Awesome, simply awesome! (shame about the price though  )

http://www.caterham.co.uk/news/index.htm

Download the 260 spec and look at the 0-60 time!


----------



## scoTTy (May 6, 2002)

[smiley=rolleyes5.gif]


----------



## garyc (May 7, 2002)

An R400 with slicks is intmidating enough on the track...


----------



## b3ves (May 6, 2002)

Nice, but I can see the market for these trackday-oriented cars getting eaten away by Radical and the like.


----------



## garyc (May 7, 2002)

150kg heavier than R500


----------



## chowy (Jul 5, 2004)

Been thinking about a Caterham for some time now. I'll look forward to the reviews to see how it compares to the R300/400/500 7's!

Should be better!


----------



## paulb (May 6, 2002)

Not sure the Radical is going to do that well long term as a track toy. They are quick, but I know a couple of people who are going back to R500s as the Radical isn't fun.

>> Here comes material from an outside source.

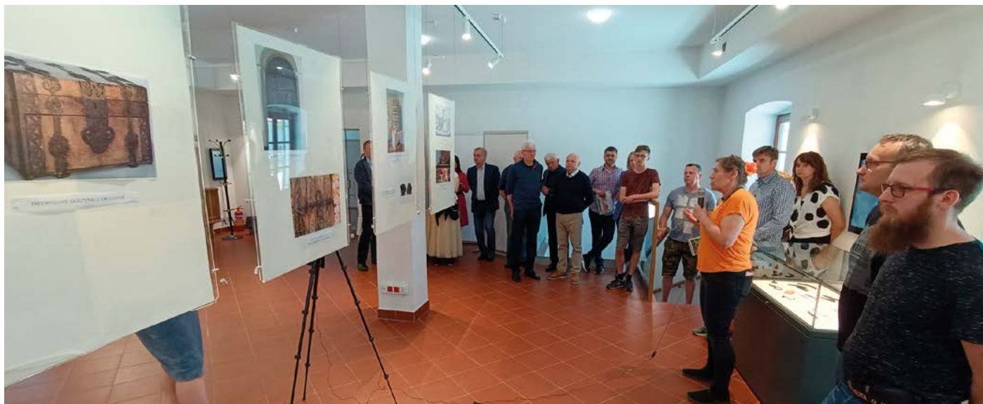
Prelekcja Pani Profesor na temat wyposażenia budynków folwarku w Opoce

kość wykonania dowodzą, że ani zabudowania w Opoce ani ich wyposażenie nie odbiegało od znanych, analogicznych, opisanych w literaturze budowlanej w Polsce i Europie. Potwierdzeniem tego są zdjęcia podobnych, zachowanych w całości, przedmiotów z innych stanowisk archeologicznych oraz zabytkowych budynków, które zostały zamieszczone w sali wystawowej Ratusza. Pani Profesor barwnie opowiadała o pracy archeologa, zabytkach dokumentujących rozwój cywilizacji i weryfikujących historię. Liczne grono miłośników Końskowoli obecnych na wydarzeniu zasypało naszego gościa pytaniami dotyczącymi Opoki, poszczególnych przedmiotów i rekonstrukcji strojów.

The Elise chassis can corner quicker than a Caterham (or at least get on the power earlier) but there is something pure about a Caterham sliding under power...


----------



## garyc (May 7, 2002)

I actually prefer the r400 to the r500 on the track.


----------



## paulb (May 6, 2002)

I've never driven an r400 but the 500 is certainly hard enough work to make it less enjoyable

Quite fancy an R300SV as a road/track toy at some point


----------